趙孝騫眉頭深深皺起:“農戶流民不會連次等的土地都分不到吧?”
李清臣嘆道:“殿下,權貴是吃人的,子曰‘苛政猛于虎’,其實猛虎并不是苛政,而是制定和執行苛政的權貴官員,他們才是真正吃人的虎。”
趙孝騫的臉色冷了下來:“我和將士們用命打下來的土地,他們一句話就全占了?呵呵,打的一手好算盤。”
李清臣苦笑道:“不然能怎么辦?誰都不知道這背后究竟有多少權貴打著主意,這些人糾合起來的力量,沒人扛得住。”

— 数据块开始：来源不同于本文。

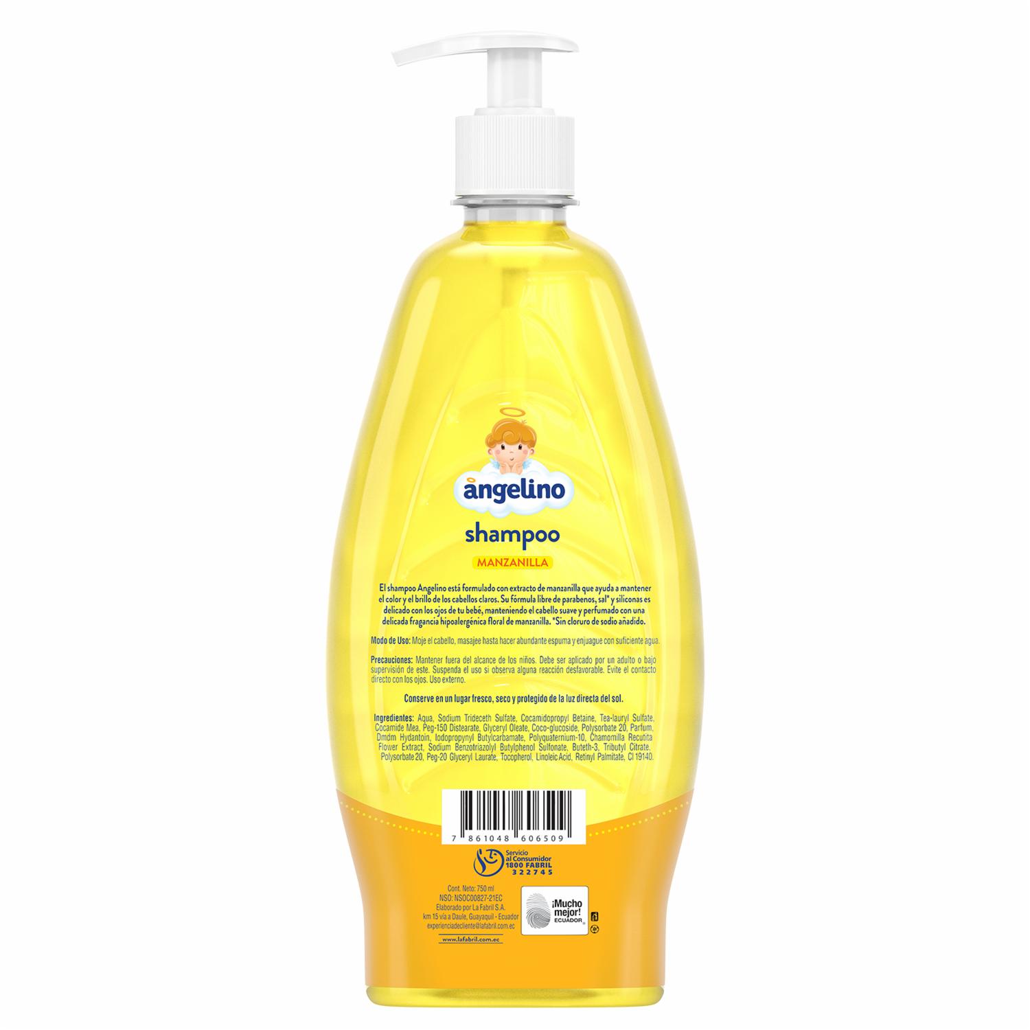 Shampoo De Manzanilla ANGELINO 750 Ml – ANGELINO. Disponible en nuestros locales. Precio y stock pueden variar según la tienda.

趙孝騫眼中閃過銳光,冷冷道:“現在還只是你我的猜測,這批官員我先派人盯著,如果他們做事不太過分,我睜只眼閉只眼也就罷了,若是真逼得農戶流民分不到地,我可就容不得了。”
李清臣眼皮一跳,急忙道:“殿下冷靜點,韓維不過是那些大人物推到前臺的,他背后的人物權勢甚大,殿下縱得官家倚重,恐怕也討不得好,若因此事而卷入風波,會壞了北伐遼國的大事。”
趙孝騫呵呵一笑:“將士們在前方拼命報國,戰果卻被這群蛀蟲撿了漏,那么將士們的犧牲有和意義?他們難道是為這些權貴賣命的嗎?”
朝李清臣擺擺手,趙孝騫道:“你不必勸我,是非善惡,我自憑心而斷,他們吃相太難看,我可不慣著。”
李清臣神情焦急,欲言又止,但見趙孝騫神色堅決,只好長嘆一聲。
李清臣告辭后,趙孝騫將陳守叫來。
“派人快馬赴飛狐兵馬司,召趙信來真定城見我,皇城司屬下都帶來。”
陳守抱拳領命,匆匆而去。
…………
第二天上午,趙孝騫還在睡夢中,郡王府門庭外,卻停了五六輛馬車。
馬車上滿載木箱,被油布封存,停到郡王府門外,一群青衣下人也不言語,沉默地卸車,將箱子堆在門外。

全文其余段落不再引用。